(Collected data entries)
Content starts

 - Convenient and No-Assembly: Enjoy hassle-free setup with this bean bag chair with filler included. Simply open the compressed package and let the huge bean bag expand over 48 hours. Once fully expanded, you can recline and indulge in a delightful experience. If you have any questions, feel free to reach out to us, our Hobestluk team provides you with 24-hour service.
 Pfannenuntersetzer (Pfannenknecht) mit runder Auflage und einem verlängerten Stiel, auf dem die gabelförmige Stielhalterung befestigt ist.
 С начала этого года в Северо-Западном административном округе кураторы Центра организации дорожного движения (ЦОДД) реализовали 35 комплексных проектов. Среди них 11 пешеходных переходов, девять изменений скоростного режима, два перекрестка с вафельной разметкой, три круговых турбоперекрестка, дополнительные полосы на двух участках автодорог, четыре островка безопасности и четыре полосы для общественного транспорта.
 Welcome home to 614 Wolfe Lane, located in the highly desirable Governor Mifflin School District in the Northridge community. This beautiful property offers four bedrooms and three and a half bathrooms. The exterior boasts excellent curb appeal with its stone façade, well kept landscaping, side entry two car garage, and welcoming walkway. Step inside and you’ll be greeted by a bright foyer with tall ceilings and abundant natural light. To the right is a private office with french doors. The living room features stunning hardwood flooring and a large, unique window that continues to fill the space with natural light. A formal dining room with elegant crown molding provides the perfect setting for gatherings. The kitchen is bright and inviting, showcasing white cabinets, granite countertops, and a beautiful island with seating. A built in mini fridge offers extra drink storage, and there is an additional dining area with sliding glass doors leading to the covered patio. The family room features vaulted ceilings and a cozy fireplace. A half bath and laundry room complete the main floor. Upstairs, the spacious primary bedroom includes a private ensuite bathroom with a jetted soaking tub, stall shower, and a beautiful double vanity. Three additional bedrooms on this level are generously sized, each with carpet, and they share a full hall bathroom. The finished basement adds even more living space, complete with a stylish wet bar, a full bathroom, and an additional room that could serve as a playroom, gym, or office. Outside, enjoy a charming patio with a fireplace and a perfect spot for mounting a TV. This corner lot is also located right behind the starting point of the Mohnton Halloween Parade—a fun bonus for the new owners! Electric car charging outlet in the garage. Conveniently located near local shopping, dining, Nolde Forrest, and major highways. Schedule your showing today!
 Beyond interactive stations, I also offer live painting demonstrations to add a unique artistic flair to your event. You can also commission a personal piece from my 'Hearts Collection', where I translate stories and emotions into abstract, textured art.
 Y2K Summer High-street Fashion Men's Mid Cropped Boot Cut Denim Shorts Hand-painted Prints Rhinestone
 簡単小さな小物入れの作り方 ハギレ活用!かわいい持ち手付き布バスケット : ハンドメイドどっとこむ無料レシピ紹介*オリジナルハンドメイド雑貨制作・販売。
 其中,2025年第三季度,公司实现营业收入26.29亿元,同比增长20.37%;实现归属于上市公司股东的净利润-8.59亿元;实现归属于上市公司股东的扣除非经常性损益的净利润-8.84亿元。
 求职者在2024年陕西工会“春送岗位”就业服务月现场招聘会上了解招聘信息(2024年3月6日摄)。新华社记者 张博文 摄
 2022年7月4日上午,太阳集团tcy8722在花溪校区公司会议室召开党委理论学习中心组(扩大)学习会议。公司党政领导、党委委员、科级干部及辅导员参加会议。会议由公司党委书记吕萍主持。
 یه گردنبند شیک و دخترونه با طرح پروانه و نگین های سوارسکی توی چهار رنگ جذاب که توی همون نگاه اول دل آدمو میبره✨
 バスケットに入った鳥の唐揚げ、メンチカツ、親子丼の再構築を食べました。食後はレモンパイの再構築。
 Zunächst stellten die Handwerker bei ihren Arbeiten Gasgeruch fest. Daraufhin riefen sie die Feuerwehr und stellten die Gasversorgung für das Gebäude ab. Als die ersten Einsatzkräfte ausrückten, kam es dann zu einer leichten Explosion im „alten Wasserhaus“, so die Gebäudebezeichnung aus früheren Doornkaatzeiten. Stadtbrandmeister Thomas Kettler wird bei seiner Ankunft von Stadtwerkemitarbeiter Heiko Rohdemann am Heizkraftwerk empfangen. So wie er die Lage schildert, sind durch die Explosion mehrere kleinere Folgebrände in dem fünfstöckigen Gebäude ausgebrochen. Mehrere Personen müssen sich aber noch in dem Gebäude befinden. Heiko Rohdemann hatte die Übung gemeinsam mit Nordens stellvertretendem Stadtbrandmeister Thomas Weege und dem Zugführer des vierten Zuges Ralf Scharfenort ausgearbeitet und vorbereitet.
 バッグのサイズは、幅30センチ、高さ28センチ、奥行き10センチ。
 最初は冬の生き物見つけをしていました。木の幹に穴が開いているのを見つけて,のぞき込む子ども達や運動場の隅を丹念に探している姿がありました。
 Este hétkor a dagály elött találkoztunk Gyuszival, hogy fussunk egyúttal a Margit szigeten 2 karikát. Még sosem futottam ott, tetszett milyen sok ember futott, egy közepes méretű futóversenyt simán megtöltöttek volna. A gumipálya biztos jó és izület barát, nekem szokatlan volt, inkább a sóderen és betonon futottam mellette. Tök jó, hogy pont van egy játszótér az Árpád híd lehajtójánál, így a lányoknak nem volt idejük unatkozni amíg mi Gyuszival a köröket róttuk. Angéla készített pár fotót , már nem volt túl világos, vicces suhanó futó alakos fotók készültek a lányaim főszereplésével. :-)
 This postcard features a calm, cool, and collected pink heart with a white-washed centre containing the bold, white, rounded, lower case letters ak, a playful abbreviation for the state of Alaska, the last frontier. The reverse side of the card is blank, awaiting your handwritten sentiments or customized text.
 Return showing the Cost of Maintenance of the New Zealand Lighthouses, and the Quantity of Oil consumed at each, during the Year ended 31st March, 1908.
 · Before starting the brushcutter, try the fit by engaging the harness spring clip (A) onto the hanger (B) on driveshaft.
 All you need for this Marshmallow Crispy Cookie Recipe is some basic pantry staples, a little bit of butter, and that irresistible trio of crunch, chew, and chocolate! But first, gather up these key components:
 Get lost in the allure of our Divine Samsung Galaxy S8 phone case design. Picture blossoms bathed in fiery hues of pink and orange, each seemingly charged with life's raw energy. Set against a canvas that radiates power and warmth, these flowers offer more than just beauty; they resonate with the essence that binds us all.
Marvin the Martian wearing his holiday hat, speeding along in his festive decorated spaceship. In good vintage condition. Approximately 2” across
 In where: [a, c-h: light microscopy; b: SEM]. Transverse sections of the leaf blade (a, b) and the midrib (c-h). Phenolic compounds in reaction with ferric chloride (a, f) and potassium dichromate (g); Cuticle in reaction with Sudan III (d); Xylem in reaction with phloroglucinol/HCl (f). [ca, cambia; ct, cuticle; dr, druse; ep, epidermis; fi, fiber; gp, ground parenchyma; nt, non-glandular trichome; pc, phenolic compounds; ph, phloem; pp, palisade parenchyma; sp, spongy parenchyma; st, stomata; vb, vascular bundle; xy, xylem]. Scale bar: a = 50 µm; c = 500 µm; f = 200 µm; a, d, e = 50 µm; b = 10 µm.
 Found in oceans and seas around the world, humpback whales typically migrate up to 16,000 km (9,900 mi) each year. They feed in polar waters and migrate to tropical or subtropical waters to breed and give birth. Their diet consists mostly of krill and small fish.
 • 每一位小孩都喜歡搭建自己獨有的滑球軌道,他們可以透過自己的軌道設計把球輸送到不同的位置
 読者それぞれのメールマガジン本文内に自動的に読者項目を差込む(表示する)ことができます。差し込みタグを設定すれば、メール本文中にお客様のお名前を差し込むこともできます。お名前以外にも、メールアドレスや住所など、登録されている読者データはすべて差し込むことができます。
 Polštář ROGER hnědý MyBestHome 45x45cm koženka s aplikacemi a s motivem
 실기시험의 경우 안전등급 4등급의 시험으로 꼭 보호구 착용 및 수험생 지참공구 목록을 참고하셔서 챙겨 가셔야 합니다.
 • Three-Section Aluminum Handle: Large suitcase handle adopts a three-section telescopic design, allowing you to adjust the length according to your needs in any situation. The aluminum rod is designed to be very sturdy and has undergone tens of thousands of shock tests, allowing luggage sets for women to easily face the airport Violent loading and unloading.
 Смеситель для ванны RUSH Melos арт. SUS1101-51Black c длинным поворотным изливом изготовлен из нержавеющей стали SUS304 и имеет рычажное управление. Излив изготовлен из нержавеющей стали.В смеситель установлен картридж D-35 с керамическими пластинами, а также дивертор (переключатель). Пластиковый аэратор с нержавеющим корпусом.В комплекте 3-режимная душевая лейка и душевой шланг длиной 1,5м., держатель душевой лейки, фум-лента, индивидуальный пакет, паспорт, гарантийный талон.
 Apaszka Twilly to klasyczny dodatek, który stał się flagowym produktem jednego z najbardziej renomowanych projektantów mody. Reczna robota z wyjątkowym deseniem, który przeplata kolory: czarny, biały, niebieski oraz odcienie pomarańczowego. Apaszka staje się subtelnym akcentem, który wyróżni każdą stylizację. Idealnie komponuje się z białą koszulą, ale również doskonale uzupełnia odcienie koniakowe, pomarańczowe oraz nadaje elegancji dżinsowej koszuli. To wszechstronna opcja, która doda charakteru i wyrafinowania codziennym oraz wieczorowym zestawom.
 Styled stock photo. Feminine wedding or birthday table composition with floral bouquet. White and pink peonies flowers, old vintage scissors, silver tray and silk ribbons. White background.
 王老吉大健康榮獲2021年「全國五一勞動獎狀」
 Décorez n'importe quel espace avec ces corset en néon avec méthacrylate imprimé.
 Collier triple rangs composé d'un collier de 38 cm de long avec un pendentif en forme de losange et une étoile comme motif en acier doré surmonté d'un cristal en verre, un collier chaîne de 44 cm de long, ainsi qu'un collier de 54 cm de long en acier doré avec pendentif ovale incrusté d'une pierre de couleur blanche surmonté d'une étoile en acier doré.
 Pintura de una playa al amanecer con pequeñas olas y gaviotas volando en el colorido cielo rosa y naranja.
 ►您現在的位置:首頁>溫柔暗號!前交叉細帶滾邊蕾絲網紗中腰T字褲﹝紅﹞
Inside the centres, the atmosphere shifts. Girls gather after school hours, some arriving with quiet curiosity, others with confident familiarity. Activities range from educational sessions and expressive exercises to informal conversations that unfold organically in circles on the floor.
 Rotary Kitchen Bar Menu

Content ends

Work to be completed ::
Please make an exact copy of the lines above from the line with "Polštář ROGER hnědý" through the line with "Pintura de una", both ends included.

Your response ::
 Polštář ROGER hnědý MyBestHome 45x45cm koženka s aplikacemi a s motivem
 실기시험의 경우 안전등급 4등급의 시험으로 꼭 보호구 착용 및 수험생 지참공구 목록을 참고하셔서 챙겨 가셔야 합니다.
 • Three-Section Aluminum Handle: Large suitcase handle adopts a three-section telescopic design, allowing you to adjust the length according to your needs in any situation. The aluminum rod is designed to be very sturdy and has undergone tens of thousands of shock tests, allowing luggage sets for women to easily face the airport Violent loading and unloading.
 Смеситель для ванны RUSH Melos арт. SUS1101-51Black c длинным поворотным изливом изготовлен из нержавеющей стали SUS304 и имеет рычажное управление. Излив изготовлен из нержавеющей стали.В смеситель установлен картридж D-35 с керамическими пластинами, а также дивертор (переключатель). Пластиковый аэратор с нержавеющим корпусом.В комплекте 3-режимная душевая лейка и душевой шланг длиной 1,5м., держатель душевой лейки, фум-лента, индивидуальный пакет, паспорт, гарантийный талон.
 Apaszka Twilly to klasyczny dodatek, który stał się flagowym produktem jednego z najbardziej renomowanych projektantów mody. Reczna robota z wyjątkowym deseniem, który przeplata kolory: czarny, biały, niebieski oraz odcienie pomarańczowego. Apaszka staje się subtelnym akcentem, który wyróżni każdą stylizację. Idealnie komponuje się z białą koszulą, ale również doskonale uzupełnia odcienie koniakowe, pomarańczowe oraz nadaje elegancji dżinsowej koszuli. To wszechstronna opcja, która doda charakteru i wyrafinowania codziennym oraz wieczorowym zestawom.
 Styled stock photo. Feminine wedding or birthday table composition with floral bouquet. White and pink peonies flowers, old vintage scissors, silver tray and silk ribbons. White background.
 王老吉大健康榮獲2021年「全國五一勞動獎狀」
 Décorez n'importe quel espace avec ces corset en néon avec méthacrylate imprimé.
 Collier triple rangs composé d'un collier de 38 cm de long avec un pendentif en forme de losange et une étoile comme motif en acier doré surmonté d'un cristal en verre, un collier chaîne de 44 cm de long, ainsi qu'un collier de 54 cm de long en acier doré avec pendentif ovale incrusté d'une pierre de couleur blanche surmonté d'une étoile en acier doré.
 Pintura de una playa al amanecer con pequeñas olas y gaviotas volando en el colorido cielo rosa y naranja.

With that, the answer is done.